[PROBLEM STATEMENT] Set out exactly every line of the entries below, starting at the line that holds "Figures 5-6: Street" and stopping after the line that holds "Scenes like this".

[Dataset excerpts]
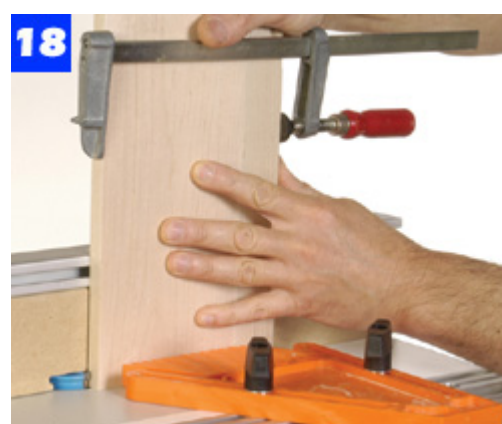
Hold the stock on end to rout the drawer joint on the drawer sides. A backer board clamped in place prevents tearout.
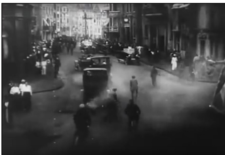
Figures 5-6: Street traffic inset on a grid of speeding train traffic and moving shadows (top); cars, horses, and pedestrians on the street and sidewalk (bottom). From Die Straße , 4:14, 5:28.

Scenes like this are common in European and American films and literature of the first third of the twentieth century—yet they are acutely representative of German modernism, especially of Expressionism and New Objectivity. These scenes are also particularly representative of descriptions of Weimar Berlin. In no work is this more evident than in Alfred Döblin’s 1929 epic novel Berlin Alexanderplatz . The novel is characterized by film-like techniques such as montage and cutaway. It employs an omniscient narrator to guide the Lumpenproletariat 1 protagonist through the busy streets of working-class Berlin. Themes of building, machinery, traffic, and alienation carry the plot along with the protagonist Franz Biberkopf’s trials and tribulations—from the moments when he leaves the Tegel prison and
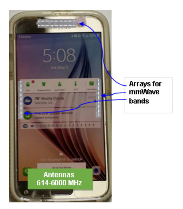
Fig. 1. Proposed antenna arrangement on a smartphone.

Implementation of TWA as a body-wearable device for Army wideband network handheld handsets has been successfully demonstrated [8]. For 5G the 3D TWA will be shrunk to about 1/5. Fortunately, like other cellphone antennas, for lower frequencies it serves essentially as a launcher; the body of the cellphone is the actual radiator.

[ANSWER SPACE]
Figures 5-6: Street traffic inset on a grid of speeding train traffic and moving shadows (top); cars, horses, and pedestrians on the street and sidewalk (bottom). From Die Straße , 4:14, 5:28.

Scenes like this are common in European and American films and literature of the first third of the twentieth century—yet they are acutely representative of German modernism, especially of Expressionism and New Objectivity. These scenes are also particularly representative of descriptions of Weimar Berlin. In no work is this more evident than in Alfred Döblin’s 1929 epic novel Berlin Alexanderplatz . The novel is characterized by film-like techniques such as montage and cutaway. It employs an omniscient narrator to guide the Lumpenproletariat 1 protagonist through the busy streets of working-class Berlin. Themes of building, machinery, traffic, and alienation carry the plot along with the protagonist Franz Biberkopf’s trials and tribulations—from the moments when he leaves the Tegel prison and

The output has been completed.